– То, что ты говоришь, – полный бред, – в двадцатый раз безапелляционно заявил Никита.

Они добрались до школы без происшествий и теперь сидели, уткнувшись в серию «Дживса и Вустера» и то и дело прерываясь на разговоры.

– Почему бред, Никит? – возразил Леша. – Сам подумай. Он общается с Быковым. Он, скорее всего, виновен в пропаже Ивана Сидоренко.

– Бред, – повторил Никита, – потому что ни один инсептер не будет общаться с акабадором. То, что мы видели, – это что-то странное. Ты разве не помнишь, как на тебя накинулись в «Докторе Живаго»?

– В «Живаго» я тоже чувствовал запах паленого, – сказал Леша. – Запах моего поворотного момента. Очень явно. И я почувствовал его снова, когда дрался с Вагазовым.

– Когда я вижу Вагазова, я его не чувствую, Леш. Никто его не чувствует.

– Ты сказал, что в акабадорских архивах есть все сведения об инсептерах.

– Так и есть, – подтвердил Анохин.

– Значит, если Вагазов – инсептер, сведения о нем хранятся в питерском архиве.

– В теории это так.

– Мы поедем в Питер, – Леша сжал кулаки. – Мы найдем записи о Вагазове в питерском архиве акабадоров. Мы докажем, что он инсептер и связан с пропажей Ивана Сидоренко. И с моим отцом. Только как, пока не знаю.

Мышкин снова запустил сериал. Никита замолчал, сделав вид, что увлечен новой серией. Но по глазам друга Леша видел: не так уж Анохин и верит, что они попадут в Питер. Леша зажмурился. Он сделает всё, чтобы спасти отца.

* * *

Наутро Леша с Никитой, стараясь избегать разговоров о Вагазове, отправились на урок. Первым стоял русский, и Леша нервничал, готовясь услышать результаты диктанта. Наверняка Чубыкин уже проверил. «Да это же тупой диктант, что о нем переживать», – одергивал себя Леша, но волноваться продолжал. Беспокоиться по поводу учебы было для него в новинку. «Вот как это бывает, когда готовишься», – подумал Леша.
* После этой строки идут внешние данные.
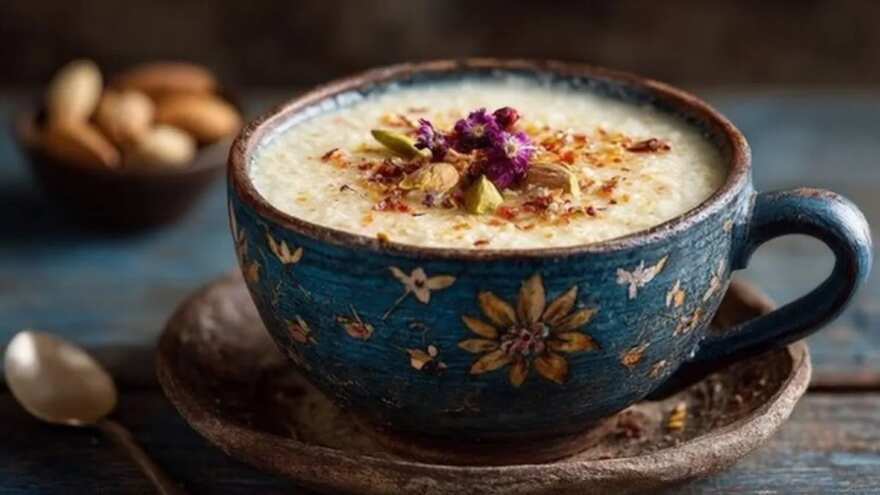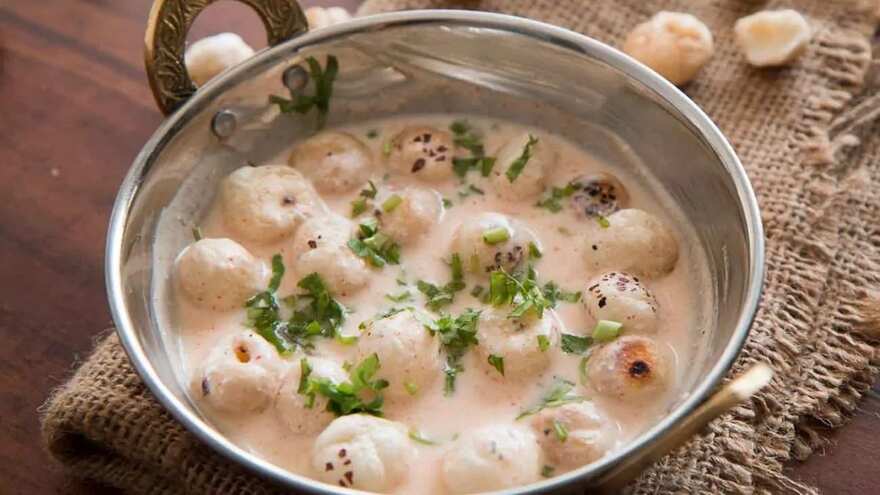 Makhana, or foxnuts, are a common fasting ingredient usually eaten roasted with a little ghee. At midnight, however, they can be turned into something more indulgent by preparing a light kheer. Roasted makhanas simmered briefly in milk with sugar and cardamom create a creamy dessert. When served in small glasses as kheer shots, it feels special without being heavy. The preparation can be made faster if milk is already boiled earlier in the evening before leaving for Garba. This dish adds a festive touch to midnight snacking, especially for those who crave something sweet.

Чубыкин вошел, и в классе сразу стало тихо. Он шлепнул на стол стопку двойных листочков и окинул взглядом класс.

– Вы не смогли написать простейший диктант, который пишут даже имбецилы в региональных школах.

Леша разозлился: слова классрука показались хамскими и оскорбительными.

– На шестнадцать человек всего две четверки. Анохин, – он бросил листок на парту Никите. – Когда вы научитесь нормально делать грамматическое задание? Штырова, – второй листок приземлился на парту Леры. – Еще одна помарка, и было бы три.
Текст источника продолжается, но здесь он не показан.